За дверью Томас прислушался, не плачет ли она. Лина его не окликнула. Если она и плакала, то, наверно, уткнувшись лицом в подушку.
Через день он снова увиделся с Линой, но не с глазу на глаз, а на собрании, которое срочно созвал профсоюз. Он и теперь удивлялся Лине, так же как удивлялся в начале их знакомства. Ее взгляд и голос трогали его. Ему опять бросилось в глаза то, что он уже и раньше замечал: грубые и упрямые люди, которые вовсе не могли быть согласны с тем, что она говорила, спокойно ее слушали и, казалось, были так же захвачены, как он, Томас. Дело в том, говорил себе Томас, что все чувствуют: она говорит, как думает. И тот, кто придерживается другого мнения, не сомневается: Лина верит во все, что говорит.
Перед ее выступлением Штрукс объяснил:
— Если мы будем выполнять норму, которую Улих шутя перевыполняет вдвое, а то и втрое, и вся бригада начнет процветать, то наша совесть и тем более наше государство потребуют установления новых норм.
На это Улих с места крикнул:
— Слыхали? Мы, значит, не должны процветать!
Он, Улих, сам заметит, сказал Штрукс, что все подешевеет, как только увеличится выпуск продукции, здесь и везде, сразу, и это единственное, что даст им возможность все покупать по более дешевым ценам.
Участники собрания наперебой стали просить слова.
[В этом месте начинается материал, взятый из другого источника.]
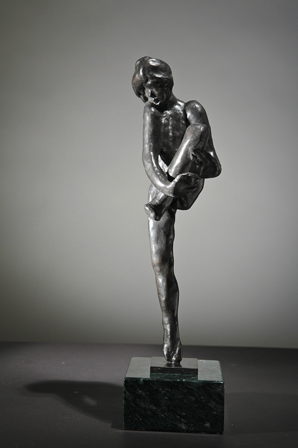 Using an economy of means, Rodin has rendered a simple warming-up exercise. The figure pulls in her raised leg with both hands in order to flex her knee. The exercise is not part of a dance but preparatory to it. In making his "snapshot in clay" from which this plaster was molded, Rodin created a compact form with most of its mass and complexity on the top of the figure. |
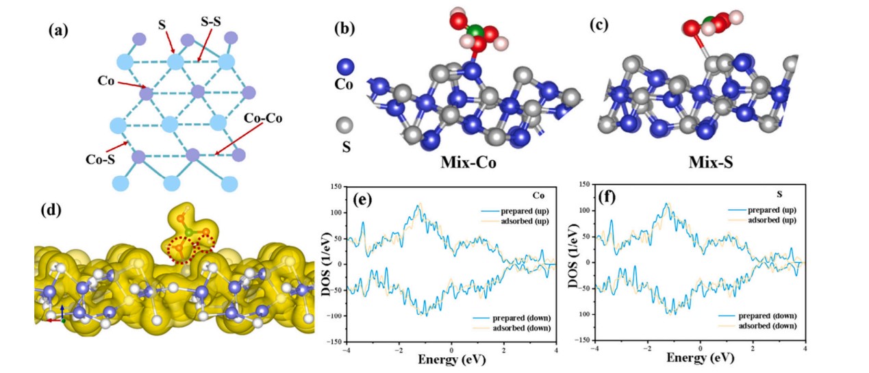 圖2.(a)ZIF-67衍生Co3S4中空吸附劑的吸附位點(diǎn)示意圖;(b-c)H3BO3在Co?S?上最穩(wěn)定的結(jié)構(gòu)(Co和S位點(diǎn));(e,f)不同位點(diǎn)Co?S?吸附H3BO3的DOS圖。
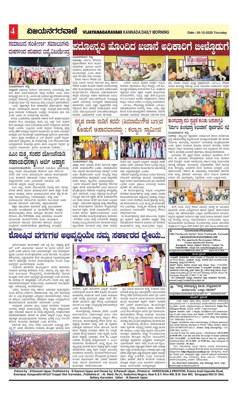 vijayanagaravani e pepar 04 Dec 2025 Page: 4 December 04, 2025 << First << 4 >> Last >> Page 1Page 2Page 3Page 4 × vijayanagaravani e pepar 04 Dec 2025 vijayanagaravani_e paper page-01vijayanagaravani_e paper page-02vijayanagaravani_e paper page-03vijayanagaravani_e paper page-04 << First << 4 >> Last >> vijayanagaravani_e paper page-01vijayanagaravani_e paper page-02vijayanagaravani_e paper page-03vijayanagaravani_e paper page-04

Большинство, несмотря на ругань и насмешки, поддерживали Улиха, который попросил слова первым и, не повышая голоса, как будто у него на это не было ни сил, ни охоты, словно бы скучливо, но достаточно веско заявил: он-де не станет надрываться ради того, чтобы год или два ждать, покуда клок мяса подешевеет на несколько пфеннигов. Прежде всего ему важно, чтобы товарищи, здесь собравшиеся, поняли одно: в свое время он надрывался, потому что ему нужны были деньги для особых целей, ведь не мог же он предположить, что сегодня то, чего он добился с такими усилиями, сделают нормой.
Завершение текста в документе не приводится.